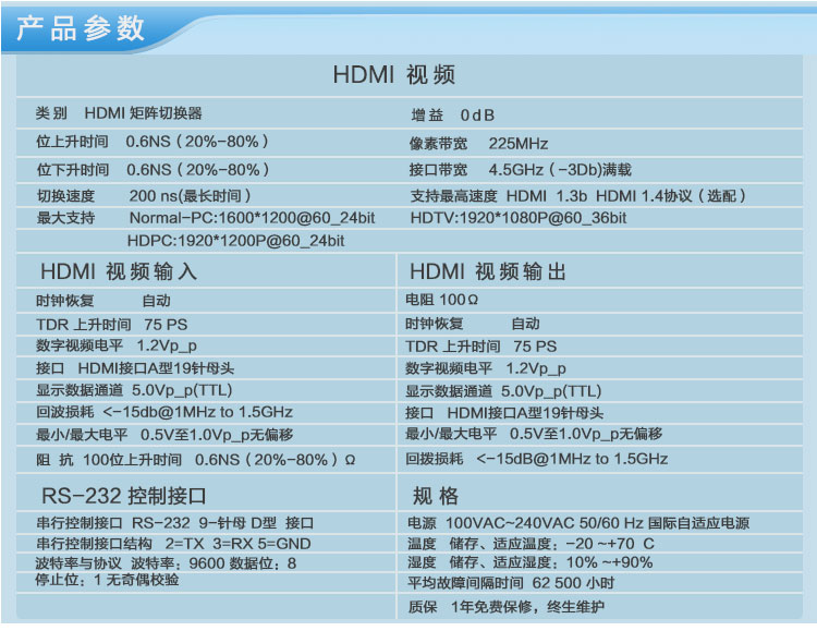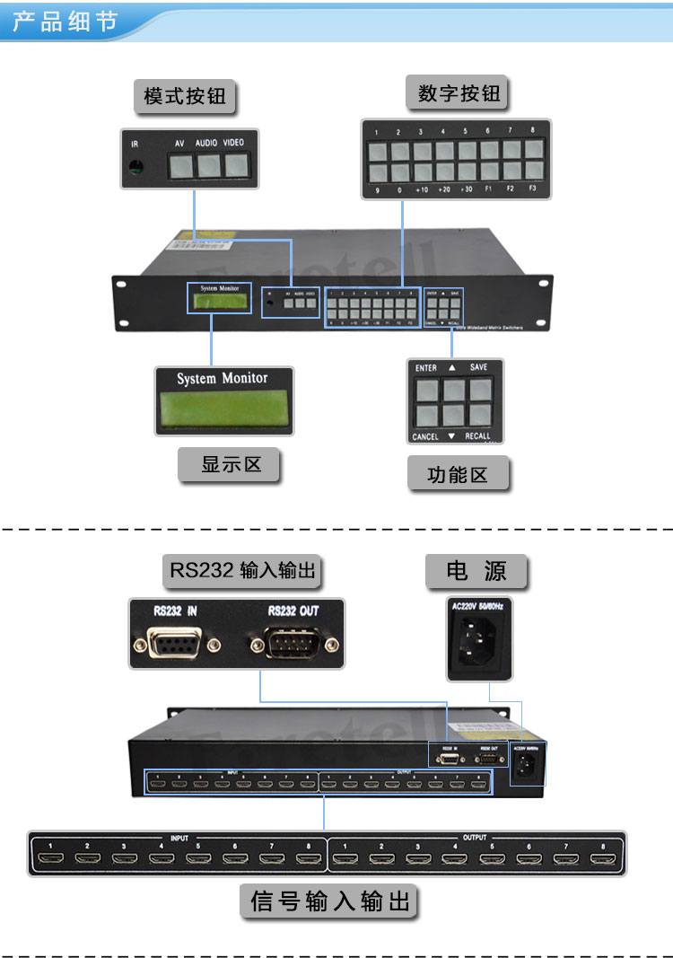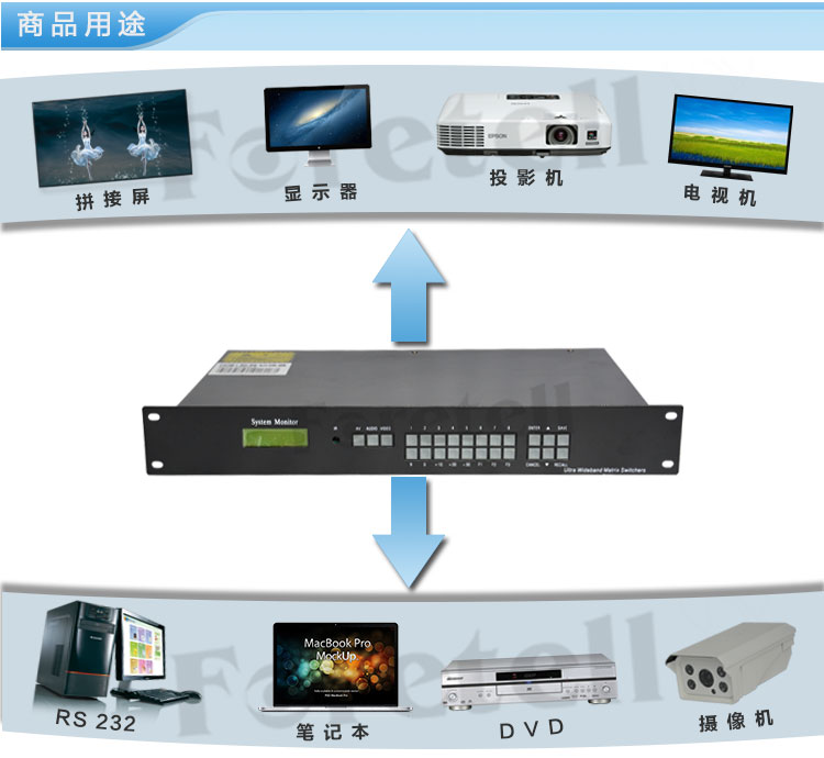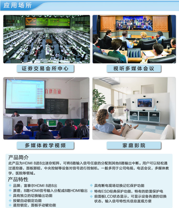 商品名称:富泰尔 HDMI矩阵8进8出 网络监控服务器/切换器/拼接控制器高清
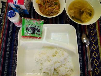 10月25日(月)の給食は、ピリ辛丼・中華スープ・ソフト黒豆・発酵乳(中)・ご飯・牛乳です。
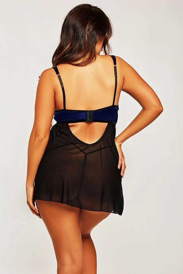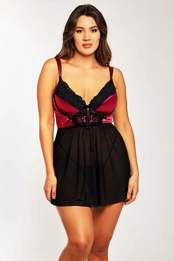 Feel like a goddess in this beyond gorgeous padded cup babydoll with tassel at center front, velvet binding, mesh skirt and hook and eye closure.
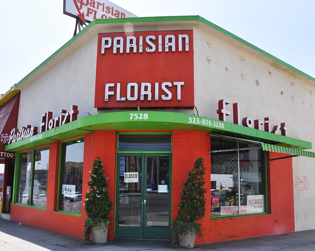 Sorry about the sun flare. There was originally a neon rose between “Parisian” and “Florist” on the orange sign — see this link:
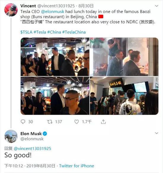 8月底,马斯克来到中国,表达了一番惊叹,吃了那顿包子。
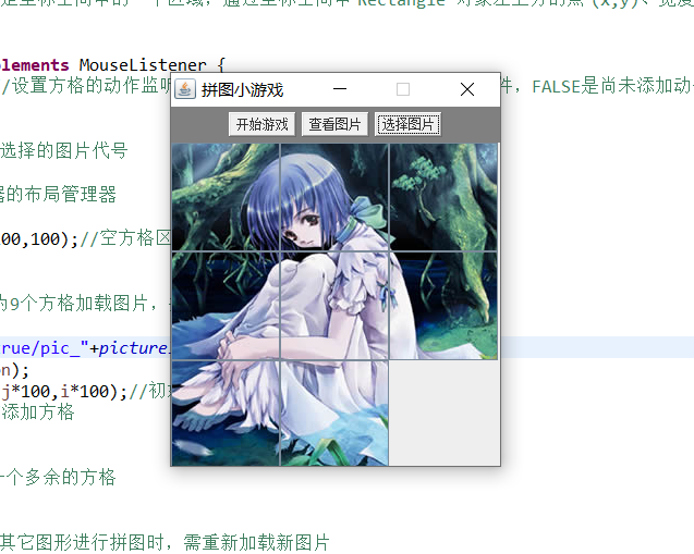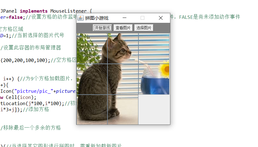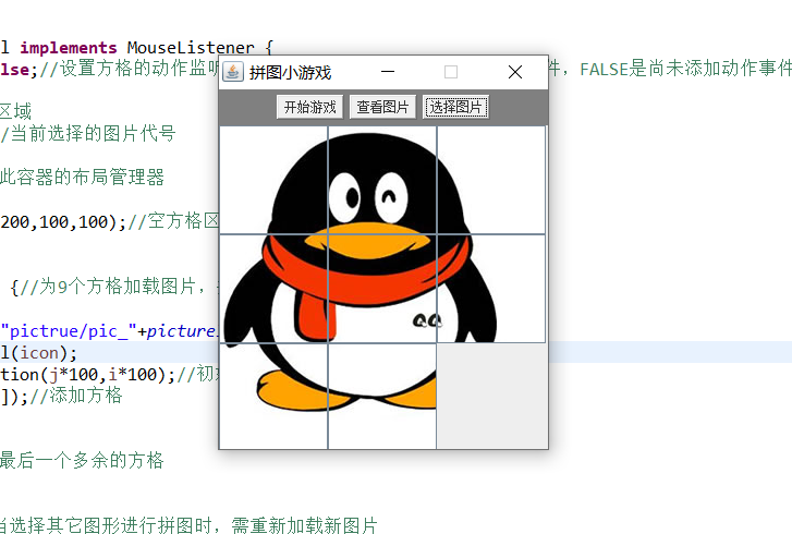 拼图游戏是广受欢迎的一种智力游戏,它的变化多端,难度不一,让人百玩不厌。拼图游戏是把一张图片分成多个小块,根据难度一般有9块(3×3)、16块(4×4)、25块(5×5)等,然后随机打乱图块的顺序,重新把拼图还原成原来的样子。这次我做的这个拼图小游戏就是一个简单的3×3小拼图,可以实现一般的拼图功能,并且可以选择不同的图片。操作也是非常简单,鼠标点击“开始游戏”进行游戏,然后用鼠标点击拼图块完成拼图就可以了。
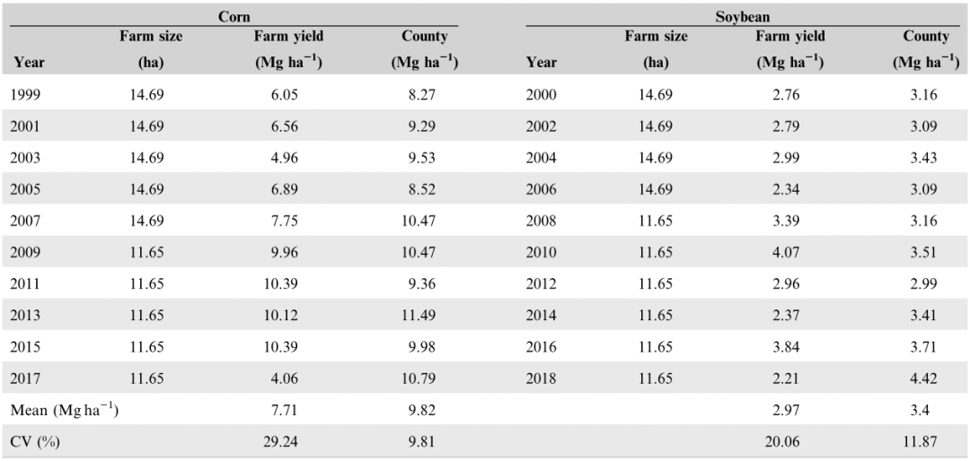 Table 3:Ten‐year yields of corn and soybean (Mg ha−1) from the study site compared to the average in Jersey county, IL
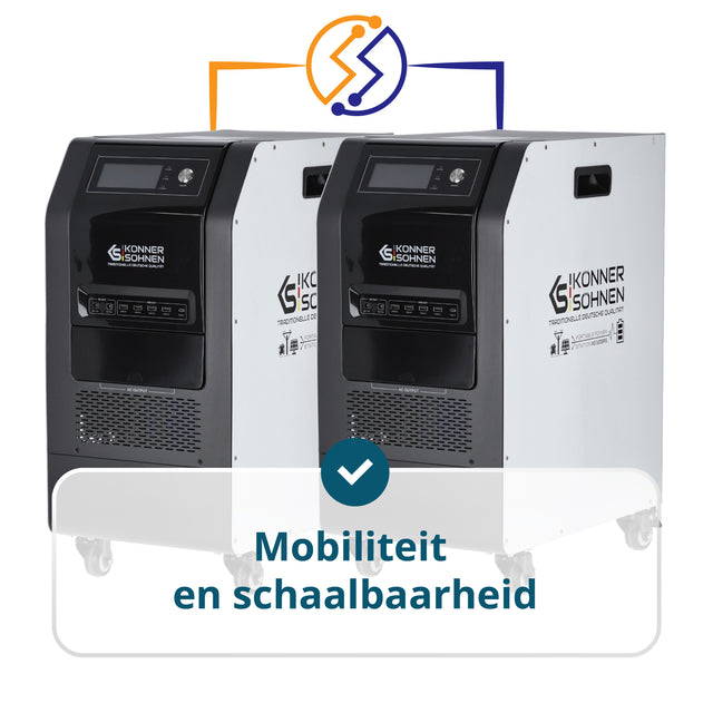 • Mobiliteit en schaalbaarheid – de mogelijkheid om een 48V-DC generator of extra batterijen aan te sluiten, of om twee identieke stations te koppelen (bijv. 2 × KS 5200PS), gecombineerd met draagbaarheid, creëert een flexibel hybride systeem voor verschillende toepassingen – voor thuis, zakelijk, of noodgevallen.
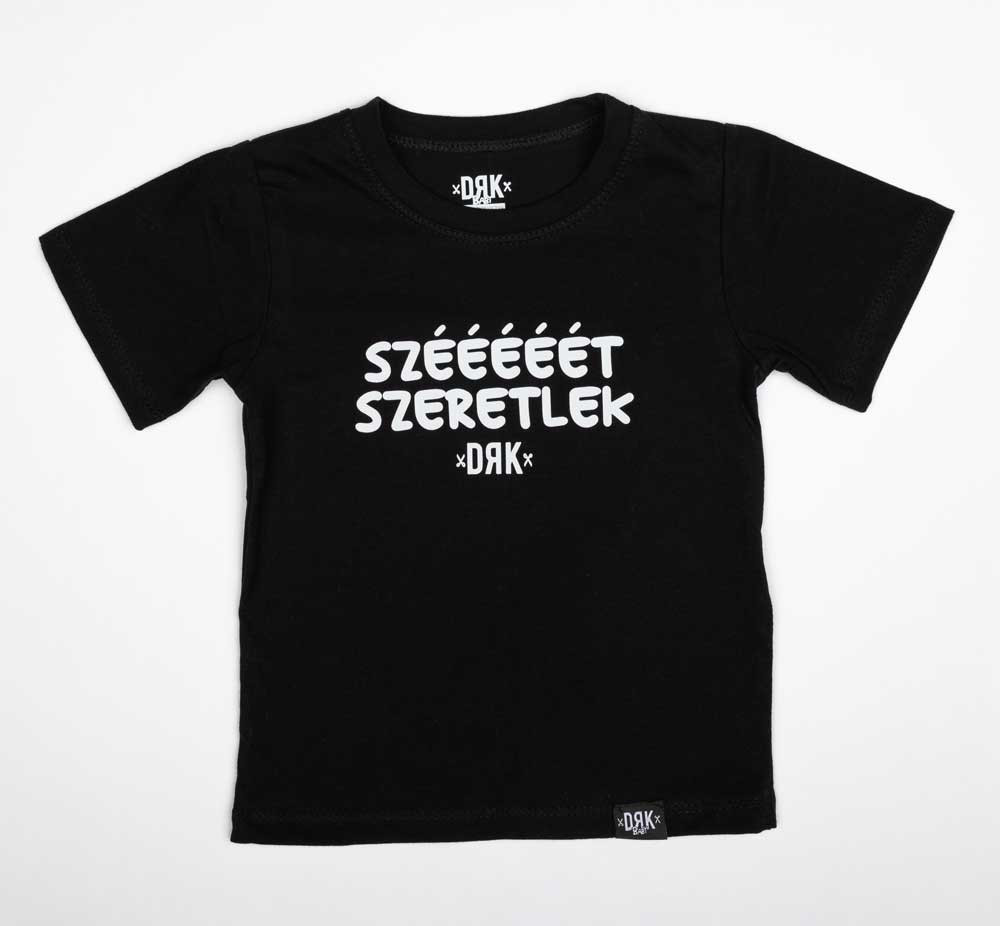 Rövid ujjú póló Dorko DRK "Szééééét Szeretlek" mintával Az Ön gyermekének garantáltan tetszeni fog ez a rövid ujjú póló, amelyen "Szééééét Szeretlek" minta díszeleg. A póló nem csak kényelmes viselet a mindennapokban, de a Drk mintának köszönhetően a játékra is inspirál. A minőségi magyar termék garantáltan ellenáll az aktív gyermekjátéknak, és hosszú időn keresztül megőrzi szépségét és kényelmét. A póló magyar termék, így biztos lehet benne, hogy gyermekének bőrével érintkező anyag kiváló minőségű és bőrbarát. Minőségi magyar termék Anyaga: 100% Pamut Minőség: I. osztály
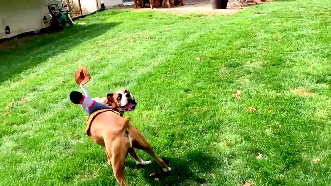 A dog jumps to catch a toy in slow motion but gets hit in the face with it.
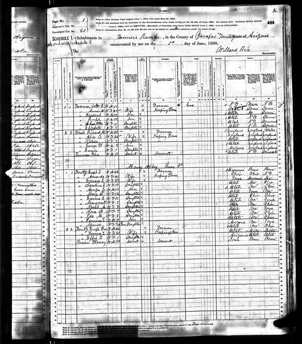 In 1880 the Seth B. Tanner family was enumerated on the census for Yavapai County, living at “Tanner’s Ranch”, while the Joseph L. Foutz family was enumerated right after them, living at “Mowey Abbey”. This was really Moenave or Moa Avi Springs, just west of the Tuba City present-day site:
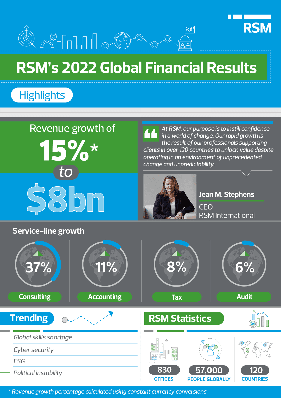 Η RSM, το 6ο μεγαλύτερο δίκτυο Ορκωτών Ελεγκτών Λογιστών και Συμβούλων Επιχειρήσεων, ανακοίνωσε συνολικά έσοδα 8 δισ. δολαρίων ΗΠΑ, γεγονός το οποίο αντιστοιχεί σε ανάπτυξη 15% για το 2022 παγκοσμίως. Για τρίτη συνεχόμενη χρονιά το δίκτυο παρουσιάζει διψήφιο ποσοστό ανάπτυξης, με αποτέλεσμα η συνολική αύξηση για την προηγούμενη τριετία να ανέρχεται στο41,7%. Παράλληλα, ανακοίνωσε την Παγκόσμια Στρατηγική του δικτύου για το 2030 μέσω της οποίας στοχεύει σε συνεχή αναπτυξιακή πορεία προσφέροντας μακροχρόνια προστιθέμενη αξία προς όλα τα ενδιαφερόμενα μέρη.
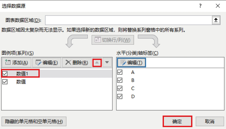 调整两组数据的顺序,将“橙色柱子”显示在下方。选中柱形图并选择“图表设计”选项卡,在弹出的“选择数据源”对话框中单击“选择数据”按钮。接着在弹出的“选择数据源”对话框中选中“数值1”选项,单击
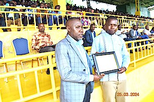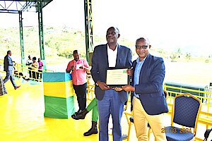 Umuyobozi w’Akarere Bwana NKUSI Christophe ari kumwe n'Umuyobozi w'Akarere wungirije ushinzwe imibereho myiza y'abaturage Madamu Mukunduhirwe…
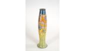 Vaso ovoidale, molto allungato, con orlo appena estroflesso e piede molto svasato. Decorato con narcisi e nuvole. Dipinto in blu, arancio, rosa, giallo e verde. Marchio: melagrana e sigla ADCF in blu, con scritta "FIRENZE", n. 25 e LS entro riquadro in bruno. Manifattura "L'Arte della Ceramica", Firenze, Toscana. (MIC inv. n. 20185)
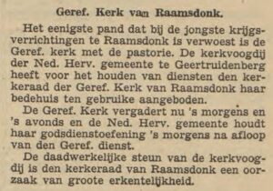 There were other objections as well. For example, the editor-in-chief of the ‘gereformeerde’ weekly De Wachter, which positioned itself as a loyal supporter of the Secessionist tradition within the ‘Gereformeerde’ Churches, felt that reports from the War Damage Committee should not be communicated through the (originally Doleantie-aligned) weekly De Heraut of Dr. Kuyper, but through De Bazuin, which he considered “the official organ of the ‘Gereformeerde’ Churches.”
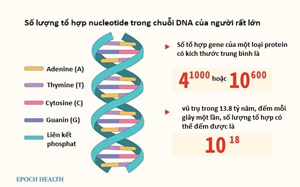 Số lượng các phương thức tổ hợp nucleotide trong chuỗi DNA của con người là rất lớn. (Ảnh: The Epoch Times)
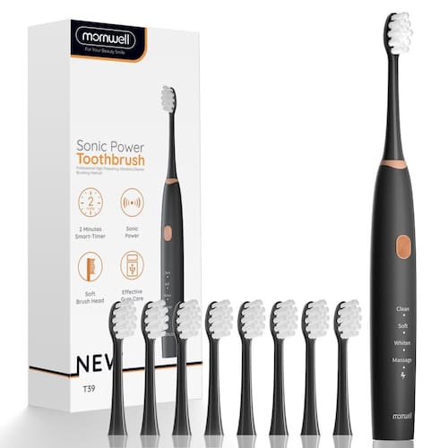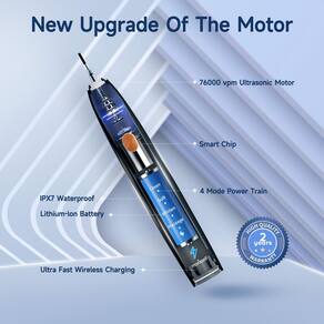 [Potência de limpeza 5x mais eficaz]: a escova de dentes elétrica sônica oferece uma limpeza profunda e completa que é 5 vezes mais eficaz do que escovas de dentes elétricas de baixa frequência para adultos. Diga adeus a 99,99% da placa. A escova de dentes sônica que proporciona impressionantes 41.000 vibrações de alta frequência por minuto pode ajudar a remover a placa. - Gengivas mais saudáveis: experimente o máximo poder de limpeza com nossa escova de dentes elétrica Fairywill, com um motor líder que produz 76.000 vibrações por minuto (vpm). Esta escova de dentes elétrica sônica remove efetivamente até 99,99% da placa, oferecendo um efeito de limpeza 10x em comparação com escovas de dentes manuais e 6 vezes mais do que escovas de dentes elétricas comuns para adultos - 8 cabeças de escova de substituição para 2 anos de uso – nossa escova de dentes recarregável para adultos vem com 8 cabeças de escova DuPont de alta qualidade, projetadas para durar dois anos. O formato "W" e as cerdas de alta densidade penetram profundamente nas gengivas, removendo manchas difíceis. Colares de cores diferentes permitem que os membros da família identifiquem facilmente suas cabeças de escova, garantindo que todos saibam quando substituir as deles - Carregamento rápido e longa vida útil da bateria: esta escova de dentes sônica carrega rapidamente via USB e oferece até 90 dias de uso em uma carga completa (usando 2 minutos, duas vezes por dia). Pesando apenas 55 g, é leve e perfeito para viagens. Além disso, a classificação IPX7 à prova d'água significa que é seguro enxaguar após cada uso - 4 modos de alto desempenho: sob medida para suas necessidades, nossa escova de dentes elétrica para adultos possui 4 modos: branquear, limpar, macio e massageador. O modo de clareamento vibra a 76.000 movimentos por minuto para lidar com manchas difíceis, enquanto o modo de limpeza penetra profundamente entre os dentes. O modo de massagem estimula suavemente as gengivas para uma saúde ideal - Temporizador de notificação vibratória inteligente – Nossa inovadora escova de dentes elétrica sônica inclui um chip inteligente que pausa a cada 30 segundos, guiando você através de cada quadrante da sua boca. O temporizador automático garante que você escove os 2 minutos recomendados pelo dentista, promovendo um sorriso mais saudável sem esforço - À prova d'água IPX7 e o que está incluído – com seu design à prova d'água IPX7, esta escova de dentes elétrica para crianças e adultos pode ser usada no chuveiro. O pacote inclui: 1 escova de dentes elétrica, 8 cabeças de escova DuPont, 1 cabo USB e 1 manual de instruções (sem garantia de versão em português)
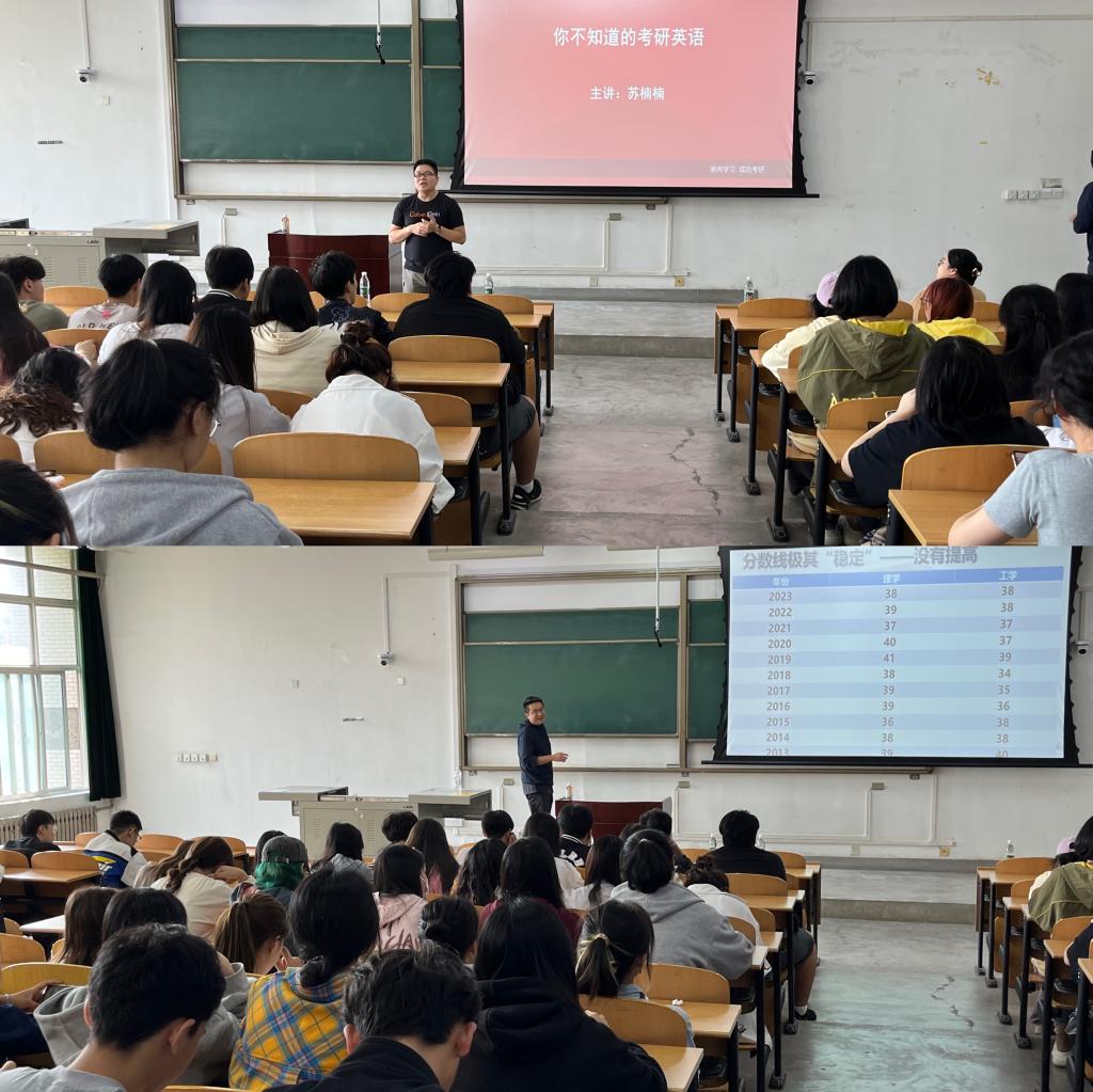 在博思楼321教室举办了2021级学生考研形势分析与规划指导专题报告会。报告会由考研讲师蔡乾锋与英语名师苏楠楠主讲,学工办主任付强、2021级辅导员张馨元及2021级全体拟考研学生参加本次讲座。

◆ ◆ ◆

Above are some entries; copy exactly the lines from the line with "Sorry about the" through the line with "In 1880 the", both included, but none of the pictures.

 Sorry about the sun flare. There was originally a neon rose between “Parisian” and “Florist” on the orange sign — see this link:
 8月底,马斯克来到中国,表达了一番惊叹,吃了那顿包子。
 拼图游戏是广受欢迎的一种智力游戏,它的变化多端,难度不一,让人百玩不厌。拼图游戏是把一张图片分成多个小块,根据难度一般有9块(3×3)、16块(4×4)、25块(5×5)等,然后随机打乱图块的顺序,重新把拼图还原成原来的样子。这次我做的这个拼图小游戏就是一个简单的3×3小拼图,可以实现一般的拼图功能,并且可以选择不同的图片。操作也是非常简单,鼠标点击“开始游戏”进行游戏,然后用鼠标点击拼图块完成拼图就可以了。
 Table 3:Ten‐year yields of corn and soybean (Mg ha−1) from the study site compared to the average in Jersey county, IL
 • Mobiliteit en schaalbaarheid – de mogelijkheid om een 48V-DC generator of extra batterijen aan te sluiten, of om twee identieke stations te koppelen (bijv. 2 × KS 5200PS), gecombineerd met draagbaarheid, creëert een flexibel hybride systeem voor verschillende toepassingen – voor thuis, zakelijk, of noodgevallen.
 Rövid ujjú póló Dorko DRK "Szééééét Szeretlek" mintával Az Ön gyermekének garantáltan tetszeni fog ez a rövid ujjú póló, amelyen "Szééééét Szeretlek" minta díszeleg. A póló nem csak kényelmes viselet a mindennapokban, de a Drk mintának köszönhetően a játékra is inspirál. A minőségi magyar termék garantáltan ellenáll az aktív gyermekjátéknak, és hosszú időn keresztül megőrzi szépségét és kényelmét. A póló magyar termék, így biztos lehet benne, hogy gyermekének bőrével érintkező anyag kiváló minőségű és bőrbarát. Minőségi magyar termék Anyaga: 100% Pamut Minőség: I. osztály
 A dog jumps to catch a toy in slow motion but gets hit in the face with it.
 In 1880 the Seth B. Tanner family was enumerated on the census for Yavapai County, living at “Tanner’s Ranch”, while the Joseph L. Foutz family was enumerated right after them, living at “Mowey Abbey”. This was really Moenave or Moa Avi Springs, just west of the Tuba City present-day site:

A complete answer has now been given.